Lo sostiene la ricerca dell'Osservatorio New Media & New Internet, promossa dalla School of Management del Politecnico di Milano, in collaborazione con il centro di ricerca CEFRIEL, presentata il 20 marzo a Milano.

Guardando ai dati della raccolta pubblicitaria e dei ricavi dai servizi a pagamento (notizie, contenuti, applicazioni, pay per view), sono gli smartphone (+70% e +120%) e i tablet (+110% e +150%) a registrare le migliori performance, mentre raddoppia la pubblicità sui social network, che possono contare su un parco di ben 24 milioni di utenti registrati. Di conseguenza aumenta l’incidenza dei new media sul mercato, dove complessivamente arrivano a pesare il 32% sul totale della raccolta (era il 29% nel 2010).

L’utilizzo di internet sembra dunque oggi legarsi sempre meno ai pc, che in Italia hanno avuto una penetrazione piuttosto bassa (meno del 60% delle famiglie italiane possiede un personal computer) e si lega invece ai nuovi device, più apprezzati dagli italiani.

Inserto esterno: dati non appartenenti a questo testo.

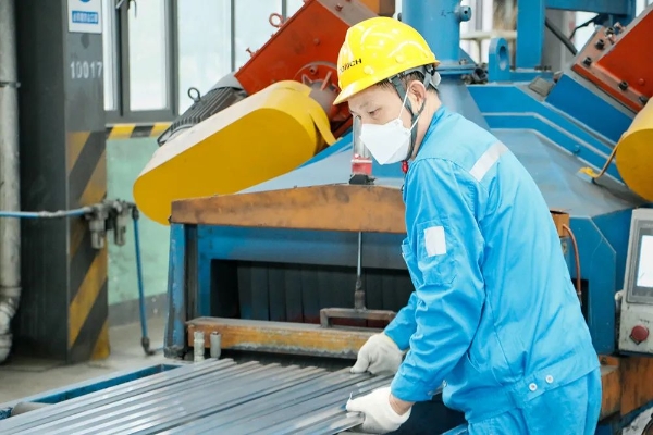 海螺嵩基公司喷涂车间员工在检查喷涂完成的建材有无着色缺陷。(赵龙基 摄)

Contribuisce a superare il digital divide tecnologico del nostro paese anche la diffusione delle applicazioni dei media (le app dei quotidiani, per esempio), non solo per smartphone, ma anche per tablet e per la tv via internet: a febbraio 2012 se ne contano 347 per smartphone, 261 per tablet e 148 per l'internet tv. Chi non ha un pc ora può dunque accedere ai contenuti degli editori tramite le applicazioni per i nuovi dispositivi.

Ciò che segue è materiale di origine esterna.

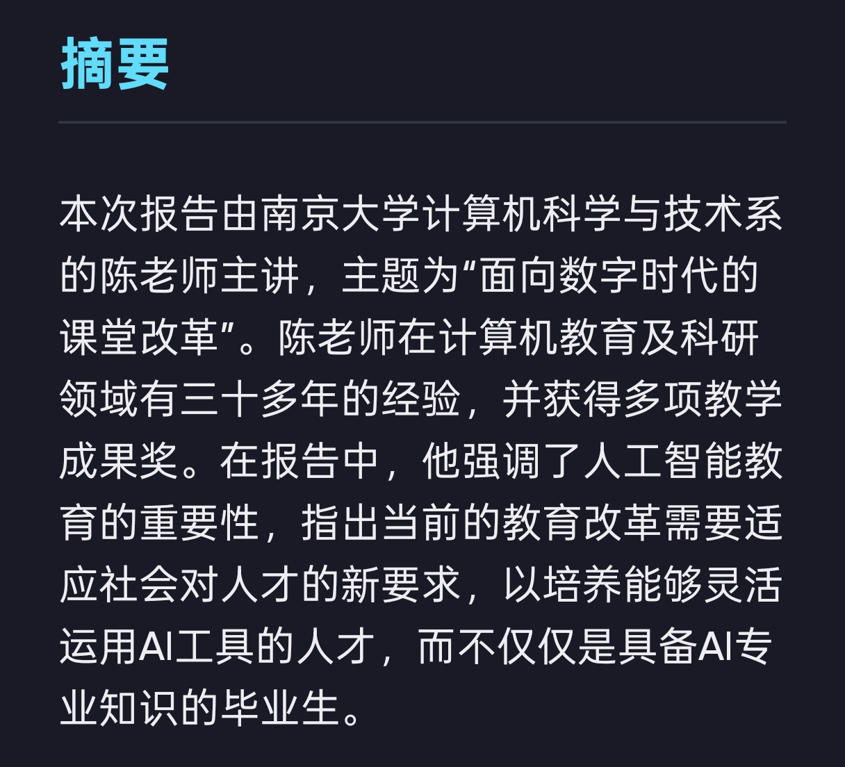 面向AI的课堂改革(南京大学 陈道蓄教授)

Molto importante è il ruolo dei social network, di cui gli italiani sono primi al mondo per utilizzo (superando gli USA), non tanto come piattaforma per l’advertising (dove raccolgono il 3% della pubblicità sul web), quanto piuttosto come grandi finestre di visibilità aggiuntiva che le aziende e i media possono utilizzare per diffondere i propri contenuti.

Rappresentano una fetta sempre più consistente dei contenuti visualizzati online i video, soprattutto tramite Youtube (dove viene visualizzato il 50% dei video visti in Italia): il 73% dei navigatori italiani ne vede almeno uno al mese e dedica a essi ben un'ora e 12 minuti. Non a caso, dunque, l’advertising legato ai video è aumentato nell’ultimo anno dell’80%.

I media tradizionali, infine, registrano un calo generalizzato della raccolta pubblicitaria rispetto al 2010: -1% la stampa, -8% la tv tradizionale e -5% la radio.